Could medical nanorobots or nanoorgan surfaces trigger general inflammation in the human body? One early experiment [1848] to determine the inflammatory effects of various implant substances placed subdermally into rat paws found that an injection of 2-10 mg/cm³ (10- to 20-micron particles at 10⁵-10⁶ particles/cm³) of natural diamond powder suspension caused a slight increase in volume of the treated paw relative to the control paw. However, the edematous effect subsided after 30-60 minutes at both concentrations of injected diamond powder that were tried. This swelling could have been wholly caused by mechanical trauma of the injection, not the diamond powder. Another experiment [1849] at the same laboratory found that intraarticulate injection of diamond powder was not phlogistic (i.e., no erythematous or edematous changes) in rabbit bone joints and produced no inflammation. Diamond particles are traditionally regarded as biologically inert and noninflammatory for neutrophils [222, 605, 633, 639] and are typically used as experimental null controls [1849]. CVD (chemical vapor deposition) diamond [521] and DLC (diamond-like carbon) diamond [587] surfaces elicit minimal or no inflammatory response, and atomically smooth diamond may perform even better. Diamond particles are said to have little or no surface charge [633, 640] but unmodified graphene (Section 2.3.2) surfaces readily acquire negative charges in aqueous suspension [689, 690]. Adamantane-based compounds exist which enhance or inhibit the inflammatory response [5563]. Experiments are therefore needed to determine if negatively charged fullerenes or diamondoid substances can contact-activate Hageman factor or kallikrein and trigger an inflammation reaction. Carbon nanotubes and spherical fullerenes generally appear to be noninflammatory [2599, 5227].

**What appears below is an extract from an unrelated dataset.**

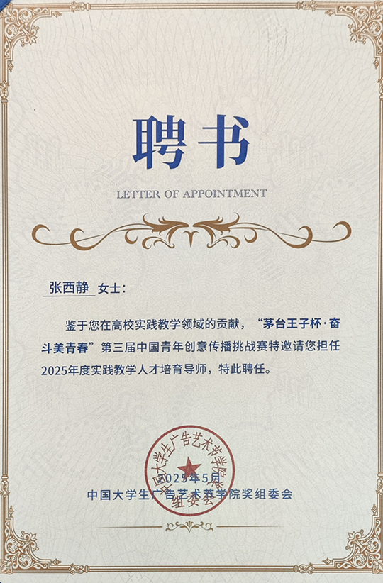 广告人文化集团副总裁李建强为特聘导师颁发聘书。张西静院长被聘为第三届中国青年创意传播挑战赛2025年度实践教学人才培育导师。

The inflammatory properties of other possible nanorobot materials appear positive. For instance, vitreous carbon is mildly inflammatory [801] to inert [798]. Pyrolytic carbon is mildly inflammatory [801, 902] to inert [802]. Graphite is minimally inflammatory [820, 822, 823], though 1-micron particles apparently stimulate some nitric oxide production in rat cells, a possible indicator of inflammatory response [5227]. Carbon fiber elicits no significant tissue inflammation [224, 840] or foreign body reaction [848]. Experiments with sapphire have generally found no serious inflammation in dental soft tissues [1006, 1018, 1021, 1031] or bony tissues [974, 1029, 1046], or only mild reactions [1032]. However, there are a few exceptions [1030, 1068] including brief acute inflammatory response in special cases [1050, 1055] so the noninflammatory character of sapphire has not yet been definitively established.

On the more negative side, carbon black is sometimes found to elicit moderate inflammatory responses in various soft tissues [852, 856, 887] and the lungs [769, 889-891], though there are some contrary reports [857, 893]. The performance of Teflon is mixed [1343], depending on the form of the material used and the type of tissue in which it is implanted (Section 15.3.4). Inflammatory tissue reactions range from none [1168, 1171, 1173, 1195, 1344], to mild [1185, 1189, 1220, 1376], moderate [1191, 1277, 1350, 1368, 1391], or severe [900, 901, 1364, 1366]. Teflon activates fourfold more kallikrein than Hageman factor [1850]. Further details on these materials are in Chapter 15.3. Various natural crystalline substances can produce crystal-induced inflammation without any requirement for particle-bound opsonins [2322]. Examples include monosodium urate crystals in gout [2322], silica crystals in pulmonary tissue disease [2323], calcium oxalate [2324] and calcium pyrophosphate dihydrate [2325] crystals in kidney disease and arthritis, and hydroxyapatite and related basic calcium phosphates [2326] in various crystal deposition diseases.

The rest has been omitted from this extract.